We're working on software that has to work from very large datasets over a network, or locally. I'm thinking of using a SQL Dataset (one locally, and the large one remotely), but I'm not sure if this is the best way. Excel 2007 uses XML for it's data... and it seems fast.

What are the options?

guest2013-1 · Jan 28, 2009

foozball3000 said:
We're working on software that has to work from very large datasets over a network, or locally. I'm thinking of using a SQL Dataset (one locally, and the large one remotely), but I'm not sure if this is the best way. Excel 2007 uses XML for it's data... and it seems fast.

What are the options?

xml have improved in speed quite dramatically since .NET 1.0 and 1.1. You might want to work with them. Alternatively look into sqllite, firefox uses this and doesn't require you to install something like SQL 2005 to be able to work on datasets/offline from the server.

But to me xml is the way to go. Cache 'em locally and then do some sort of data collision check on records edited.

Otherwise, it seems you're in control of both the server and client, so you might consider compressing the dataset sent to the client and uncompress/load it on the client. Datasets are basically glorified xml files anyway so you should see a significant size reduction sending them over the network. Try google gzip dataset vb.net (or c#.net whatever floats your boat)

semaphore · Jan 28, 2009

AcidRaZor said:
xml have improved in speed quite dramatically since .NET 1.0 and 1.1. You might want to work with them. Alternatively look into sqllite, firefox uses this and doesn't require you to install something like SQL 2005 to be able to work on datasets/offline from the server.

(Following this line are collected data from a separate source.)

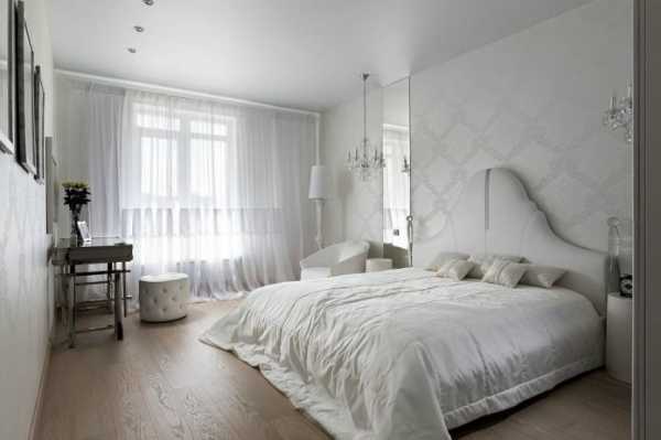 На фото представлен вариант классической спальни, имеющей матовый белый потолок.
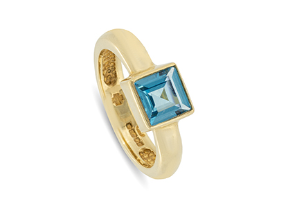 Featuring one 6mm square step cut blue topaz- associated qualities, wisdom and wealth.
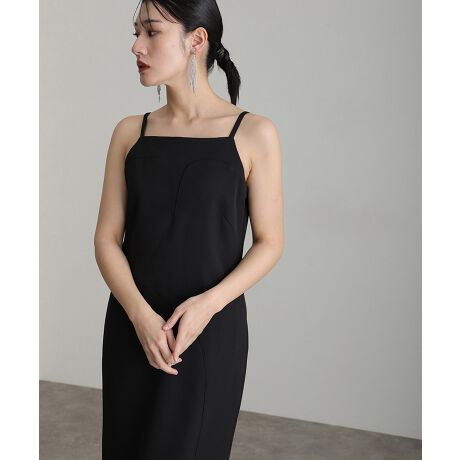 シンプルながらもエレガンスが際立つアシンメトリードレス。

But to me xml is the way to go. Cache 'em locally and then do some sort of data collision check on records edited.

Otherwise, it seems you're in control of both the server and client, so you might consider compressing the dataset sent to the client and uncompress/load it on the client. Datasets are basically glorified xml files anyway so you should see a significant size reduction sending them over the network. Try google gzip dataset vb.net (or c#.net whatever floats your boat)

Umm Xml is not the way to go as that is not the best means, compressing the dataset and decompressing will cause cycle over head.

Your best bet would be looking at something like googles protocol buffers. It is super awesome like totally.

Why not just use XML?

Protocol buffers have many advantages over XML for serializing structured data. Protocol buffers:

* are simpler
* are 3 to 10 times smaller
* are 20 to 100 times faster
* are less ambiguous
* generate data access classes that are easier to use programmatically

For example, let's say you want to model a person with a name and an email. In XML, you need to do:

<person>
<name>John Doe</name>
<email>[email protected]</email>
</person>

while the corresponding protocol buffer message (in protocol buffer text format) is:

# Textual representation of a protocol buffer.
# This is *not* the binary format used on the wire.
person {
name: "John Doe"
email: "[email protected]"
}

When this message is encoded to the protocol buffer binary format (the text format above is just a convenient human-readable representation for debugging and editing), it would probably be 28 bytes long and take around 100-200 nanoseconds to parse. The XML version is at least 69 bytes if you remove whitespace, and would take around 5,000-10,000 nanoseconds to parse.

Also, manipulating a protocol buffer is much easier:

cout << "Name: " << person.name() << endl;
cout << "E-mail: " << person.email() << endl;

Whereas with XML you would have to do something like:

cout << "Name: "
<< person.getElementsByTagName("name")->item(0)->innerText()
<< endl;
cout << "E-mail: "
<< person.getElementsByTagName("email")->item(0)->innerText()
<< endl;

However, protocol buffers are not always a better solution than XML – for instance, protocol buffers would not be a good way to model a text-based document with markup (e.g. HTML), since you cannot easily interleave structure with text. In addition, XML is human-readable and human-editable; protocol buffers, at least in their native format, are not. XML is also – to some extent – self-describing. A protocol buffer is only meaningful if you have the message definition (the .proto file).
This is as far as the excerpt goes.